Running a company isn’t easy. From reporting wages in an efficient way to meeting deadlines and targets, there’s always something to think about – with green business ideas giving entrepreneurs something extra to ponder. While environmental issues may not be at the forefront of your mind right now, it could save your business thousands, so let’s delve deeper into this issue.

Small waste adds up over time

A computer left on overnight might not seem like the end of the world, right? Sure, it’s a rather minor issue compared to losing a client or being refused a loan – but small waste adds up over time. Conserving energy is an effective money saver, so to hold onto that hard-earned cash, try to:

  • Turn all electrical gadgets off at the socket rather than leaving them on standby as the latter can crank up your energy bill without you even realizing.
  • Switch all lights off when you exit a room and try switching to halogen incandescent light bulbs, compact fluorescent lamps or light emitting diodes as these can use up to 80 per cent less energy than traditional incandescent and are therefore more efficient.
  • Replace outdated appliances with their greener counterparts. Energy Star appliances have labels which help you to understand their energy requirements over time.
  • Draught-proof your premises as sealing up leaks could slash your energy bills by 30 per cent.

Going electronic has significant benefits

If you don’t want to be buried under a mountain of paperwork, why not opt for digital documents instead of printing everything out? Not only will this save a lot of money on paper and ink but it will also conserve energy and help protect the planet. You may even be entitled to one of the many tax breaks and grants issued to organizations committed to achieving their environmental goals. This is particularly good news for start-ups with limited funds as the Environment Protection Agency (EPA) is keen to support companies opening up their company in a green manner.

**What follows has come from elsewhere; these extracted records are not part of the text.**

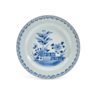 Porcellana dipinta in blu di cobalto sotto invetriatura, la superficie a vista con uno scorcio di giardino con fiori e staccionata.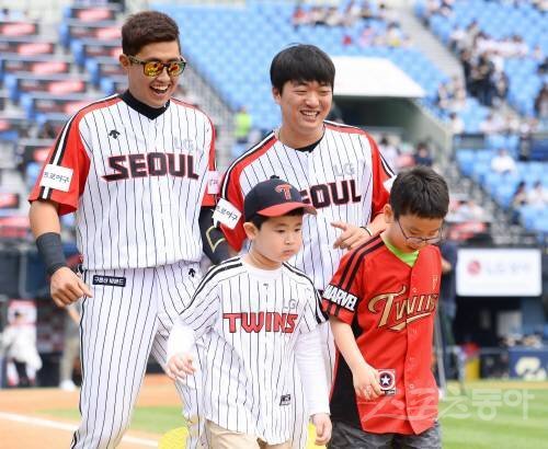 5일 서울 잠실야구장에서 ‘2018 신한은행 MY CAR KBO리그’ 두산베어스와 LG트윈스 경기가 열린다. 경기를 앞두고 어린이날을 맞이하여 LG 채은성과 고우석(오른쪽)이 어린이들과 즐거운 시간을 갖고 있다.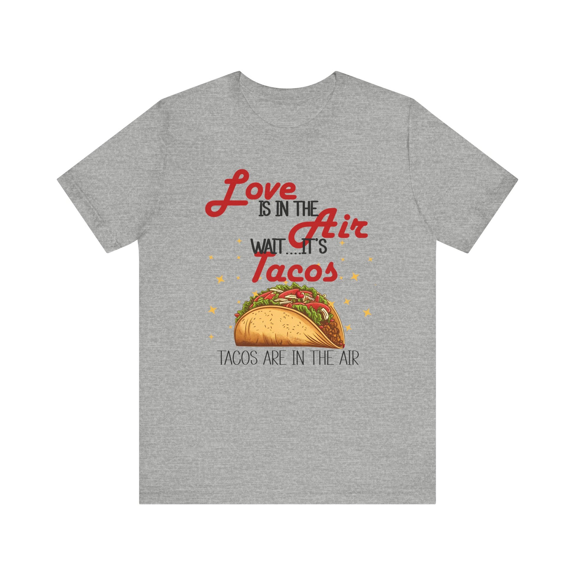 This hilarious graphic T-shirt is perfect for bringing smiles and humor to Valentine's Day and beyond. It features a playful design stating 'Love is in the Air, Wait It's Taco's, Taco's are in the air' with a happy taco graphic.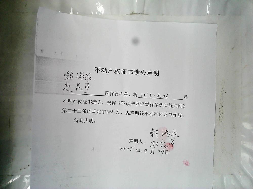 韩满泉、赵花亭不动产权证书遗失声明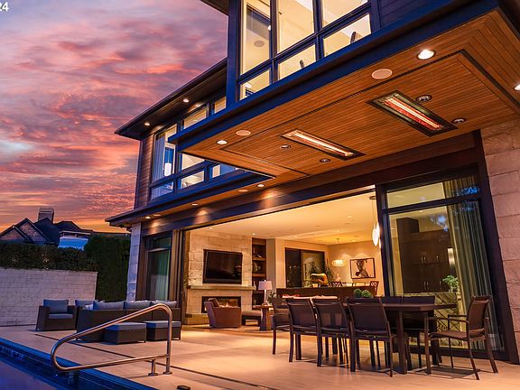 Experience the epitome of lakeside luxury living in this contemporary masterpiece nestled on the Oswego Lake. Crafted by the esteemed duo of John Tercek and Curt Olsen, this residence offers a harmonious blend of sophistication and comfort. From the seamless indoor-outdoor living spaces to the exquisite craftsmanship, every detail exudes elegance. Enjoy breathtaking views of the lake and captivating sunsets from the spacious main floor living area and step outside to the expansive patio with a minimalist pool and serene water feature, perfect for al fresco gatherings. Retreat to the tranquil primary suite with floor-to-ceiling windows, Venetian plaster walls, and a luxurious ensuite bath. With an elevator serving all floors, boat house with rooftop deck, and proximity to amenities, this is refined lakeside living at its finest.

Of course, if you’re used to handing out brochures and leaflets at every company meeting or printing out newsletters whenever you get the chance, going electronic may be a challenge – but here are some things you can try:

  • Using PowerPoint presentations not printouts
  • Communicating via instant messenger apps or email
  • Using financial software to manage your books
  • Downloading accounting software to keep track of figures
  • Arranging digital feedback and review forms
  • Making the most of Google Docs

Going green can help you to make money too

Going green and environmental stability is big news at the moment with many companies doing their bit for the environment. While implementing eco-friendly strategies will certainly save you money, reducing your carbon footprint could also make you a few bucks too. How? Well, consumers care about what brands are doing more than ever before, with many deliberately siding with those who are implementing green policies. Essentially, doing your bit for the environment is a PR dream as it allows you to talk about what everyone wants to hear.

Going green can certainly save your money but it should also improve your reputation too and give you a platform to promote your business.